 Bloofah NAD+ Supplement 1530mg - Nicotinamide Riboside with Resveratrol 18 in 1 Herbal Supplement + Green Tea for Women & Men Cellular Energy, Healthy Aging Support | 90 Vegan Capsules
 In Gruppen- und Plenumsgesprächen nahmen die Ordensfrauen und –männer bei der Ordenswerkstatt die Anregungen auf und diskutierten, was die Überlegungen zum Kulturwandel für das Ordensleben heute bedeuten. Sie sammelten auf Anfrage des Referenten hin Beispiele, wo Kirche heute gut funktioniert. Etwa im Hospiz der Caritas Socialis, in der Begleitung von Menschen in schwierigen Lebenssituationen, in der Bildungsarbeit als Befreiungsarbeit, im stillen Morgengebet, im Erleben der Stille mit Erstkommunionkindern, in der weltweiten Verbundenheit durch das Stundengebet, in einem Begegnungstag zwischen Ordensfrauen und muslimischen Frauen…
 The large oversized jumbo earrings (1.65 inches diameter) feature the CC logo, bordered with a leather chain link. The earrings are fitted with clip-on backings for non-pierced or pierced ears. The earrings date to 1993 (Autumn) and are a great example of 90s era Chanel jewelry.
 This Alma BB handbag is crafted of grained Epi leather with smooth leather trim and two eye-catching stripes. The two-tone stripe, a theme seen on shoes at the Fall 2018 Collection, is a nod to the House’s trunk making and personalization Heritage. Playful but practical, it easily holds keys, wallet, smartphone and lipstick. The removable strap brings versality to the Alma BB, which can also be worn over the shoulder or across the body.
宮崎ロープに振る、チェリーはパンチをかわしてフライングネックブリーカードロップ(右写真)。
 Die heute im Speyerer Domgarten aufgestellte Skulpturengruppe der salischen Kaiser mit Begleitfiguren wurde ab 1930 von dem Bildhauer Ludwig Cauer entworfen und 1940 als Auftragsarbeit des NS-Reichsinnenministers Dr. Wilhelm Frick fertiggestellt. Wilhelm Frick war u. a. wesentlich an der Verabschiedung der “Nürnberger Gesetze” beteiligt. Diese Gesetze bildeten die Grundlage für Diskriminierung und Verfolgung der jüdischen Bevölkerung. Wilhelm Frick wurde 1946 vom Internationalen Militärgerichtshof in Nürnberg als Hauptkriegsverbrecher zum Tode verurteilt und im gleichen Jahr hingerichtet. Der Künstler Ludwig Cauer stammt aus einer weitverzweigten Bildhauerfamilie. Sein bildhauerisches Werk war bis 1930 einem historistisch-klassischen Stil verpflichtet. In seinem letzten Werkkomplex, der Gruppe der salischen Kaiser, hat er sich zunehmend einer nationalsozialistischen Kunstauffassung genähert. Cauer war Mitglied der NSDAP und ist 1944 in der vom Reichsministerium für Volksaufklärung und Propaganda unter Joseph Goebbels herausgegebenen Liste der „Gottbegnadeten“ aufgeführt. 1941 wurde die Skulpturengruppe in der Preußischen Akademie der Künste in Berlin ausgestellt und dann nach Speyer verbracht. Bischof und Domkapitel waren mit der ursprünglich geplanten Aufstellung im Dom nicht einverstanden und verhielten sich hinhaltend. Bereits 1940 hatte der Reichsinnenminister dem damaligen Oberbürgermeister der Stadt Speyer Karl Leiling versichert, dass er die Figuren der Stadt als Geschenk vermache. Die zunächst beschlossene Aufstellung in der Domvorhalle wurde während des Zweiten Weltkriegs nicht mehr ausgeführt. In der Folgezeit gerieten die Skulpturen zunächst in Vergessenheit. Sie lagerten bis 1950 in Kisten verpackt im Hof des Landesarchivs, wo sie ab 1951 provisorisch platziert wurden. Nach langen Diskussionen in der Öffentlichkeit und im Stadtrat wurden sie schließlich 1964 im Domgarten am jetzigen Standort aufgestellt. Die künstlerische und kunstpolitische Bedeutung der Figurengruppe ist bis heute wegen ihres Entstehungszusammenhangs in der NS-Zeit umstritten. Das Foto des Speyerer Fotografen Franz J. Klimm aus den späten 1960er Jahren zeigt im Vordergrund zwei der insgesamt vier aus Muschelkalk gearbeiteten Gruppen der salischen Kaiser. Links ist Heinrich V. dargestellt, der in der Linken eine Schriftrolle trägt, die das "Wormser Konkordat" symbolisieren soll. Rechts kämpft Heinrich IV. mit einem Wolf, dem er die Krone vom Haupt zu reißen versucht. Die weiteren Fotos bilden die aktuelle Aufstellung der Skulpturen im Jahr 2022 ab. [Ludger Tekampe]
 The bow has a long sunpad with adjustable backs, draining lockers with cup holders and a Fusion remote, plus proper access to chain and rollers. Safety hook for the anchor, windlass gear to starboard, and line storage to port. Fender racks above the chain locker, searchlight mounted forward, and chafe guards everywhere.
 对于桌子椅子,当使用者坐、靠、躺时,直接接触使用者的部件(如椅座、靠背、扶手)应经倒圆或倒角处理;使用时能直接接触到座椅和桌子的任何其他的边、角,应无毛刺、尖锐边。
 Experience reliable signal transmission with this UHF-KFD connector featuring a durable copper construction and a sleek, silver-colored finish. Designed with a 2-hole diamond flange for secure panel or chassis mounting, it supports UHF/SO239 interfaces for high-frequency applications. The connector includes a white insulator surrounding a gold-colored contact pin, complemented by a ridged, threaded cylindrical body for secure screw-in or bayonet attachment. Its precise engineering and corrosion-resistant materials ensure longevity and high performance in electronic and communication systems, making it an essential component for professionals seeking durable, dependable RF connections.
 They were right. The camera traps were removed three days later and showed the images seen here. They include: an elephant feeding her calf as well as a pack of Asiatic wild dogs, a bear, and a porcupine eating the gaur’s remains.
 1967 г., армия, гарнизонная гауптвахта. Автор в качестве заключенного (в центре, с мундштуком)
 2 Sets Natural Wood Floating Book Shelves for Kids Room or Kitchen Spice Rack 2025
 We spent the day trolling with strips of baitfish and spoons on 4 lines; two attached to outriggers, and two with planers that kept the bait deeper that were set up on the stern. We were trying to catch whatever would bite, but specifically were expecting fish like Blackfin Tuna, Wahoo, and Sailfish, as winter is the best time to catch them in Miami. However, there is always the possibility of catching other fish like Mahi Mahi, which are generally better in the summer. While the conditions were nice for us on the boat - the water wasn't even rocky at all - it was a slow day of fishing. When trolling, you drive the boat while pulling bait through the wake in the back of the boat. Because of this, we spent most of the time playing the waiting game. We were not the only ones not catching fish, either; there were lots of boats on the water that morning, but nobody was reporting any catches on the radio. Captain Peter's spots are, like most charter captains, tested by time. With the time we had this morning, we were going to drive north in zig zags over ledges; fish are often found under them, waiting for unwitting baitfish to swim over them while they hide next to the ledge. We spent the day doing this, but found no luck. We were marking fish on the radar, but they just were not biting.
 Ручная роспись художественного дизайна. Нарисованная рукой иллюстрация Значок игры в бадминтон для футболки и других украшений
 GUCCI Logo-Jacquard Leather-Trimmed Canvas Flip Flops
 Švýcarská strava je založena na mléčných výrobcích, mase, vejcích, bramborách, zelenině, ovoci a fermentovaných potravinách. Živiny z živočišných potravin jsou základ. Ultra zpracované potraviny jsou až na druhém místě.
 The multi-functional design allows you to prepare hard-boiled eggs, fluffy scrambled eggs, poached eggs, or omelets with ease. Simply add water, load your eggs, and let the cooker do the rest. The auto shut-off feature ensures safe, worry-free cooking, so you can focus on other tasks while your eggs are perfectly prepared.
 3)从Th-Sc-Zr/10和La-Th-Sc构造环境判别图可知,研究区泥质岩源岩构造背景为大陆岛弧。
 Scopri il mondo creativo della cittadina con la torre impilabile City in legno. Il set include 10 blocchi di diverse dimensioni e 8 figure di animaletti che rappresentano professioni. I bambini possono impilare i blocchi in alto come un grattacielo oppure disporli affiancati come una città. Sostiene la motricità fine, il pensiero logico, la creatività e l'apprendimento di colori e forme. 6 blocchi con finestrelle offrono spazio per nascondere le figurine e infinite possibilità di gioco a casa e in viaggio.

● WHAT THIS TASK INVOLVES
Search the listing for "chain" and show every line where it occurs.

● RESPONSE BOX
 The large oversized jumbo earrings (1.65 inches diameter) feature the CC logo, bordered with a leather chain link. The earrings are fitted with clip-on backings for non-pierced or pierced ears. The earrings date to 1993 (Autumn) and are a great example of 90s era Chanel jewelry.
 The bow has a long sunpad with adjustable backs, draining lockers with cup holders and a Fusion remote, plus proper access to chain and rollers. Safety hook for the anchor, windlass gear to starboard, and line storage to port. Fender racks above the chain locker, searchlight mounted forward, and chafe guards everywhere.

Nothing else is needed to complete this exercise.